The Six Wives of Henry VIII | Anne Boleyn
- HP Fryer
- Feb 14, 2018
- 3 min read
Updated: Apr 26, 2018
Although Anne Boleyn has had an incredible impact on world history, we don't really even know the year she was born. Historians guess it's either 1501 or 1507, no-one had thought it that important to record it, she was just a daughter of an aristocratic family. No-one in their wildest dreams would have imagined that one day she would be Queen of England.
As her father was a successful diplomat, Anne spent a lot of her childhood and teens on the European continent. She was even a young lady-in-waiting to Margaret of Austria for a period of time, the first woman I wrote about in this blog.
In 1514, her Dad, Thomas Boleyn, got her a prime spot as a lady-in-waiting in the French court and there she soaked up the culture, language and fashion as if she was a native born French woman.
In the 1520s Anne moved back to England where she became a lady-in-waiting to Queen Catherine of Aragon. Her French customs were seen as incredibly sophisticated and exotic back home and people were entranced (especially the men).
She was also witty, charming and well educated, all things which eventually caught the eye of King Henry himself. Henry had already had an affair with Anne’s older sister Mary, but Anne was different. For one thing, she refused to be ‘just’ his mistress and said she would not sleep with Henry unless they were married.

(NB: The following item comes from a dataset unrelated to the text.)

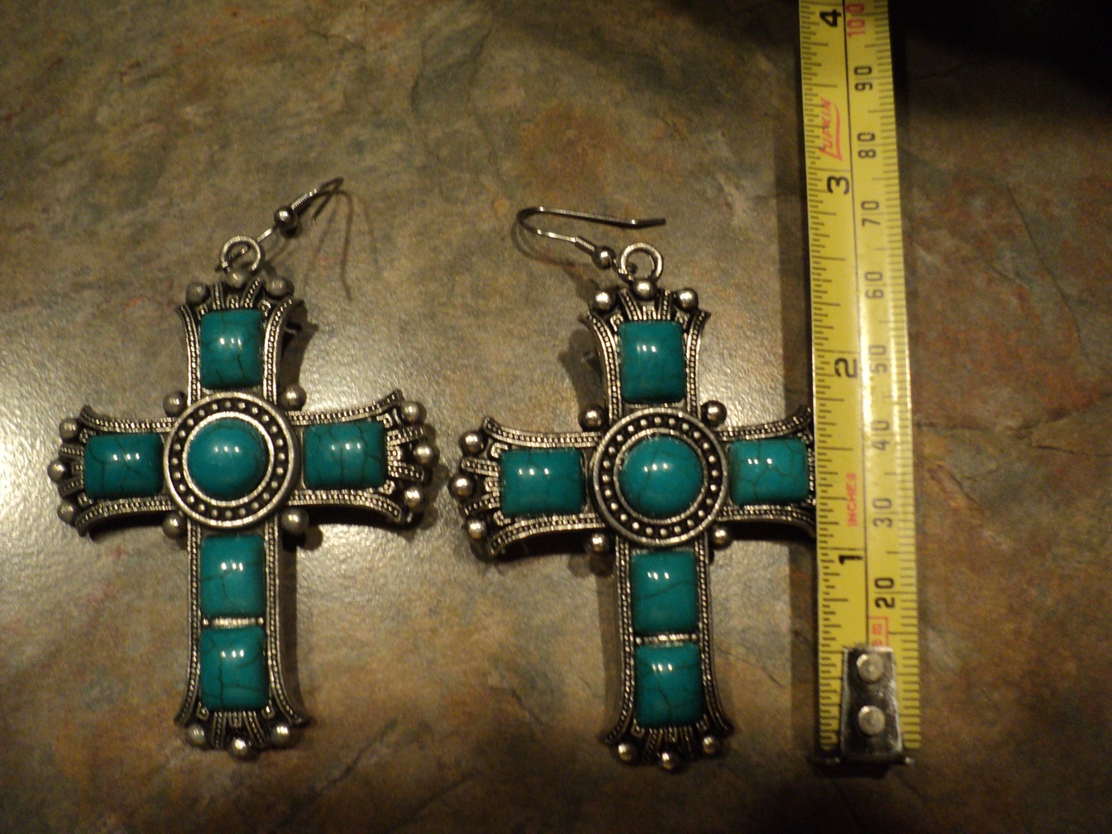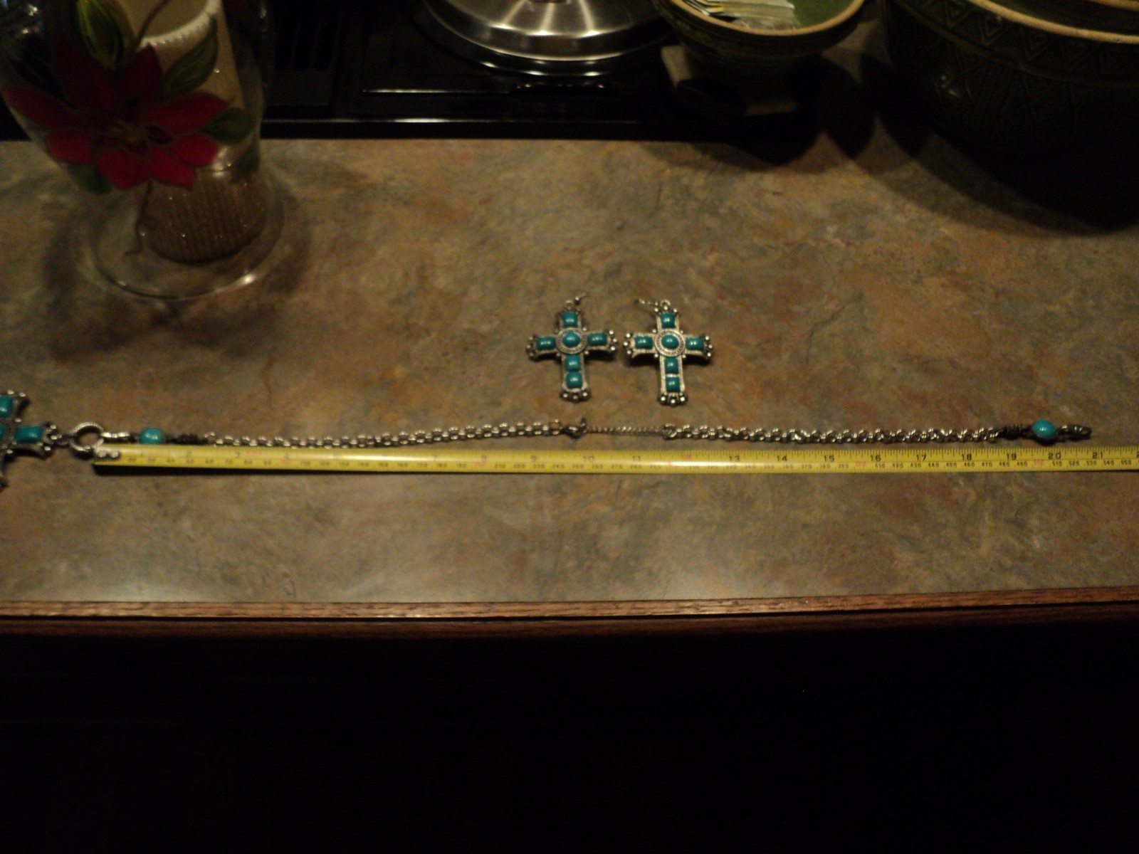 как выглядит Turquoise Vintage Set Cross Necklace and Earrings фото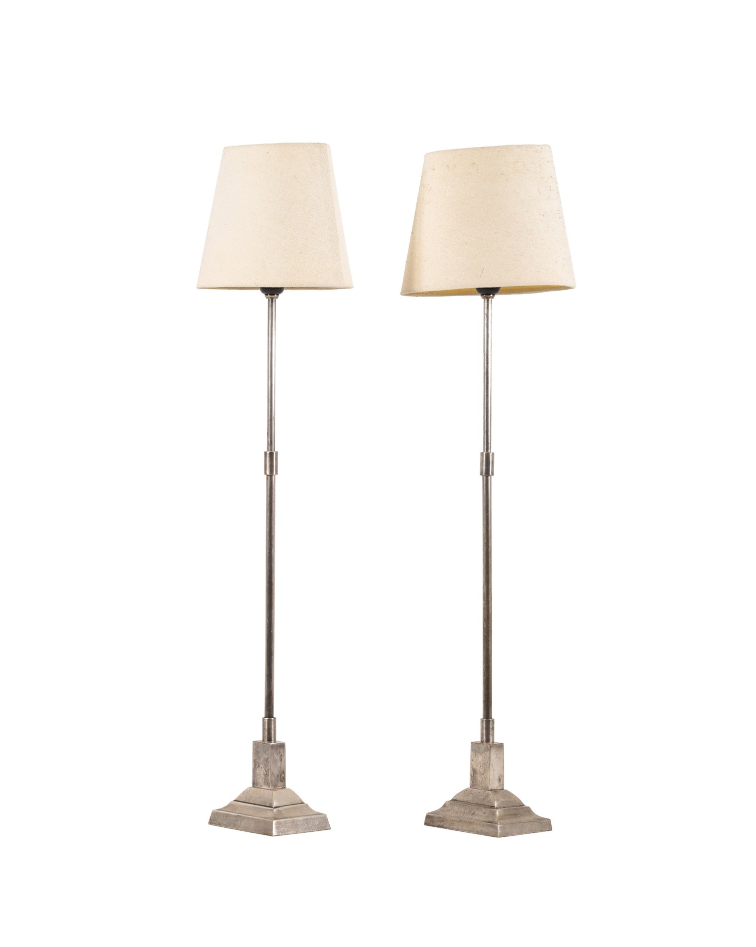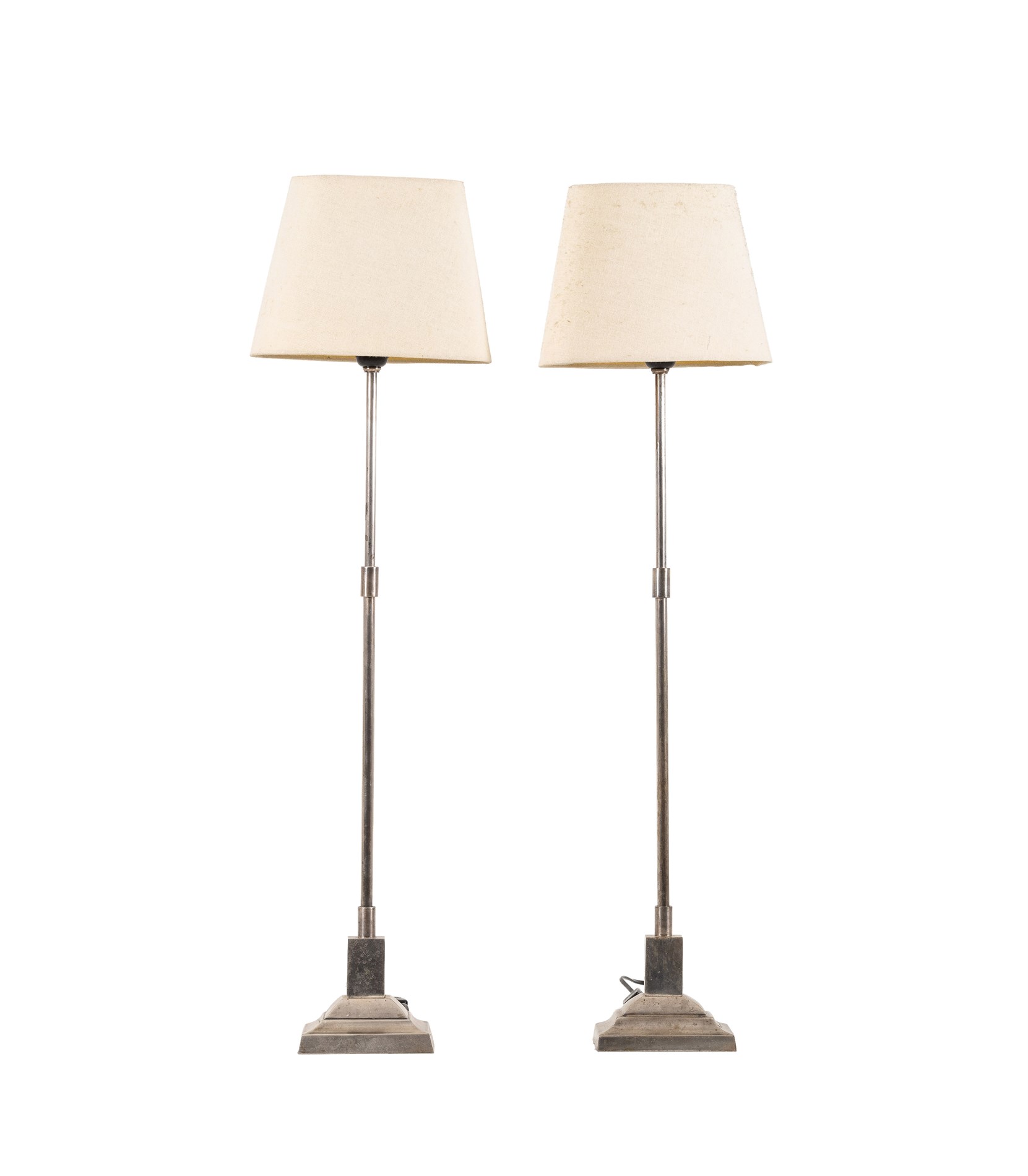 Nyere produksjon i klassisk stil, med antikk-finish. Én sokkel hver til E27. Ovale skjermer i beige.

Henry was not used to rejection and so pursued Anne relentlessly. The more she rejected him the hotter he got for her. He was madly, passionately in love, there was only one, BIG, problem, his wife Catherine.

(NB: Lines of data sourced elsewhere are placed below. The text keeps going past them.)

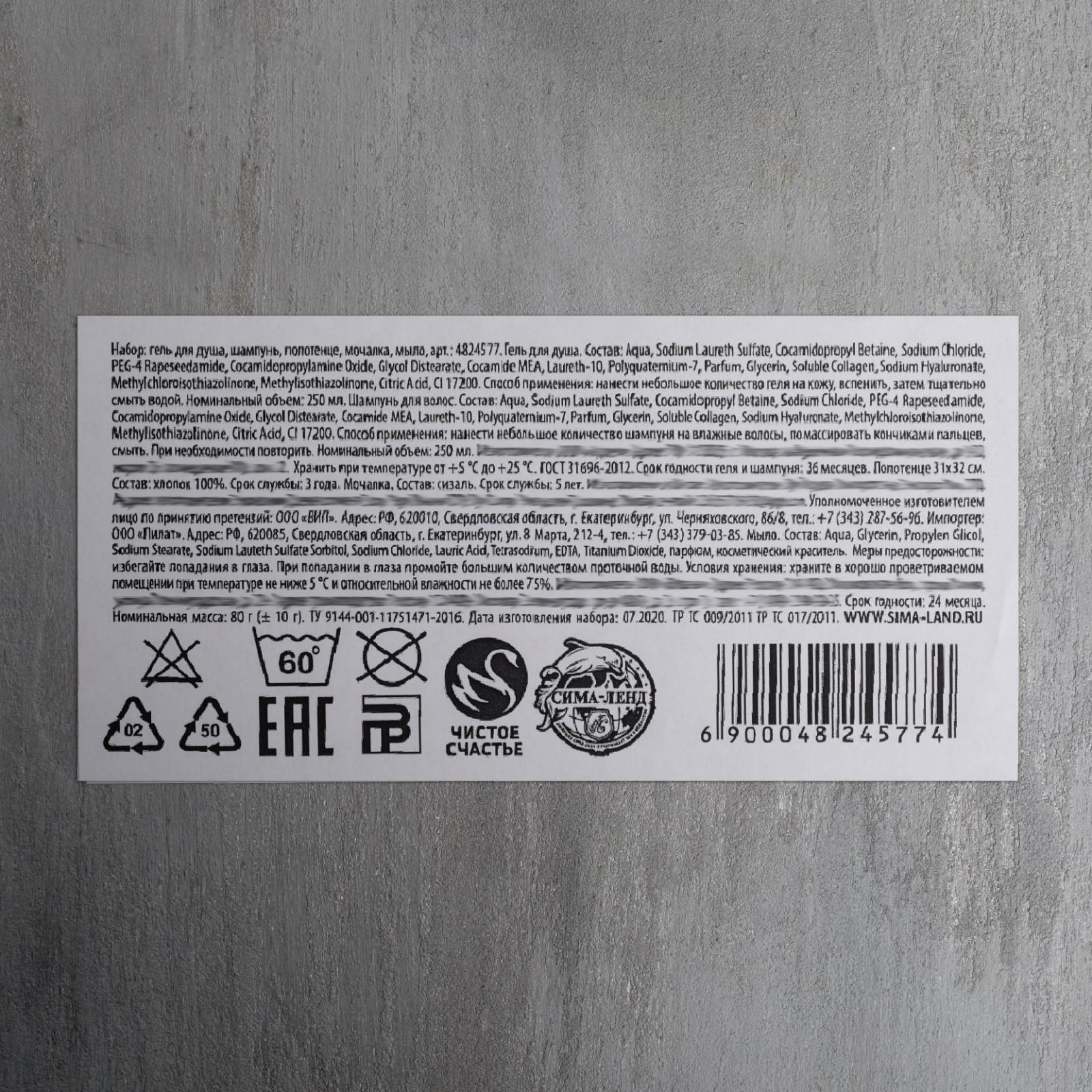 • Составляющие набора Гель для душа, Мочалка, Мыло, Полотенце, Шампунь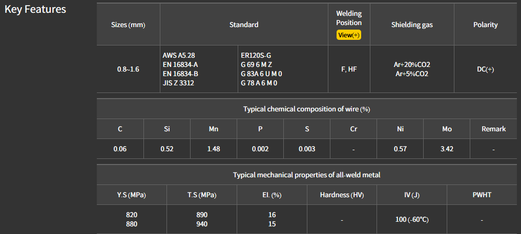 - AWS: A5.28 : ER120S-G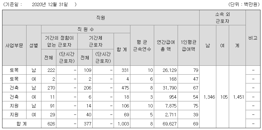 남자평균 연봉은 토목 7천9백만원, 건축 6천7백만원, 지원 7천5백만원으로 나왔다.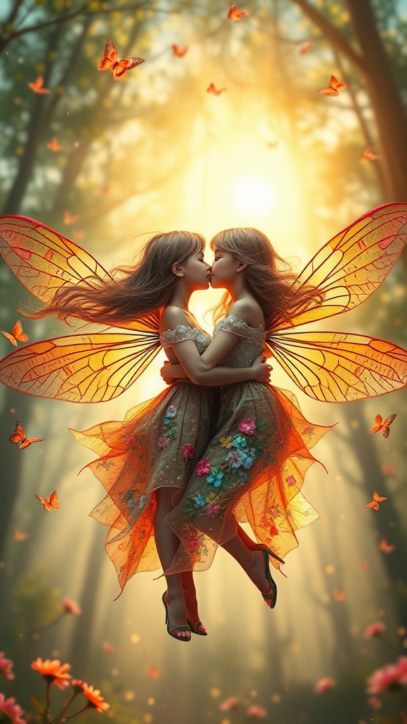 WLOP-inspired masterpiece, high-quality, hyper-detailed, colorful scene of two faerie girls flying and embracing joyfully in a luminous fantasy forest. They are kissing, with petite, youthful figures dressed in intricately designed off-shoulder floral faerie gowns. Their hair flows wildly with intricate details, highlighted by stray strands. They have symmetrical, vibrant dragonfly wings and are adorned with colorful, diamond heels. Their faces are beautifully detailed with glossy lips and expressive eyes, all captured through a Canon 5D 50 mm lens at f/1.2 aperture. The atmosphere is filled with joy and hope, with a whimsical and glamorous sky illuminated by glowing sunshine. Tiny, hyper-detailed butterflies float around them, enhancing the cinematic lighting and glowing colors. The setting exudes a cozy, fantastical, nostalgic mood with many intricate light reflections and rich, vibrant shading. Professional award-winning photography captures the scene in maximalist 8K resolution, offering ultra-detailed, expressive visuals with vibrant colors. The overall composition evokes a vintage show promotional poster aesthetic, emphasizing glamour and artistry with precision and masterful craft.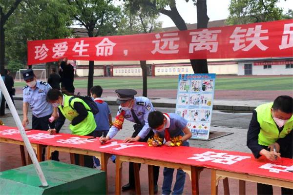 此后,城南学校全体师生共同诵读《知路、爱路、护路倡议书》,怀化铁路公安处民警与共青团志愿者共同给师生发放宣传品,并组织师生参观宣传展板。全体领导、师生共同在“爱路铁路、从我做起”大型横幅上签名活动。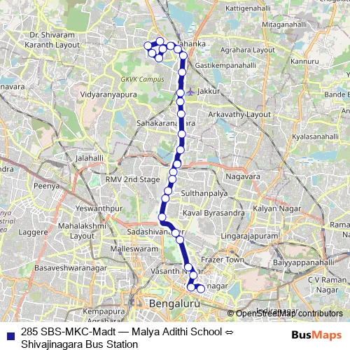 See why over 2 million users trust and consider busmaps.com as the best public transport website. busmaps gives you Bengaluru Buses suggested routes, real-time bus tracker, line route maps in Bengaluru, and helps to find the closest 285 SBS-MKC-Madt bus stops near you. No internet available? Download an offline PDF map and bus schedule for the 285 SBS-MKC-Madt bus to take on your trip.

Catherine had reached an age where she was unlikely to bear any more children, and the only thing Henry wanted more than Anne was a male heir. Henry thought he had a solution, divorce Catherine and trade her in for a younger more fertile model, Anne, win-win, or so he thought…
Anne waited, not so patiently, seven years for the divorce to come through and her chance to become queen. In the end, it paid off and in 1533 she was finally the Queen of England and Henry’s wife. To crown her victory Anne gave birth later that year. Everyone was incredibly confident it would be a boy. There were announcements prepared and written up for the birth of a prince... except when it came out it was very much a girl. Two Ss had to be squeezed in to turn the ‘prince’ to a ‘princess’. The baby was called Elizabeth (later Queen Elizabeth I.) A girl isn’t too bad though people thought, she had one healthy child, she’ll likely have more. But Anne didn’t, she had miscarriage after miscarriage.

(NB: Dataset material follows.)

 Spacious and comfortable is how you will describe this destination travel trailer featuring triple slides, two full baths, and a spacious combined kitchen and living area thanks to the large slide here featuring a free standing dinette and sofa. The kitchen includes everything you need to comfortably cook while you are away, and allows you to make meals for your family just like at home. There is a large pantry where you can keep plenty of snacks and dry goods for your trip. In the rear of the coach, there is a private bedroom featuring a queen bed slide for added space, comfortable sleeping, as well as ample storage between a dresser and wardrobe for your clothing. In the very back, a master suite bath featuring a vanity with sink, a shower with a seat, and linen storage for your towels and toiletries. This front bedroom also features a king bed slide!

And that wasn’t all, Anne’s sassiness, which he had so loved when she was his mistress, had started to annoy Henry now she was his wife. In typical 16th Century fashion, he expected a wife to be submissive and a bit of a doormat, Anne could never be any of those things.
She was also very unpopular. People saw her as a home wrecker and ‘the other woman’. It didn’t help matters that Queen Catherine had been so popular. Anne was surrounded by enemies at court and it was at this moment they decided to pounce.
After only three years of marriage, trumped up charges that Anne had been cheating on Henry emerged. The accusations were wild, they even accused her of sleeping with her own brother, George.Henry was all too happy to go along with the accusations against his quarrelsome, non-son producing wife.
For Henry, cheating on the King was considered treason and the punishment for treason was death. So Anne was locked in the Tower of London, as well as the men she was accused of cheating on Henry with (including George).
Anne and her so-called lovers were given show trials and sentenced to death.
She was beheaded on the 15th May 1536. Henry got engaged to his next wife, Jane Seymour the very next day.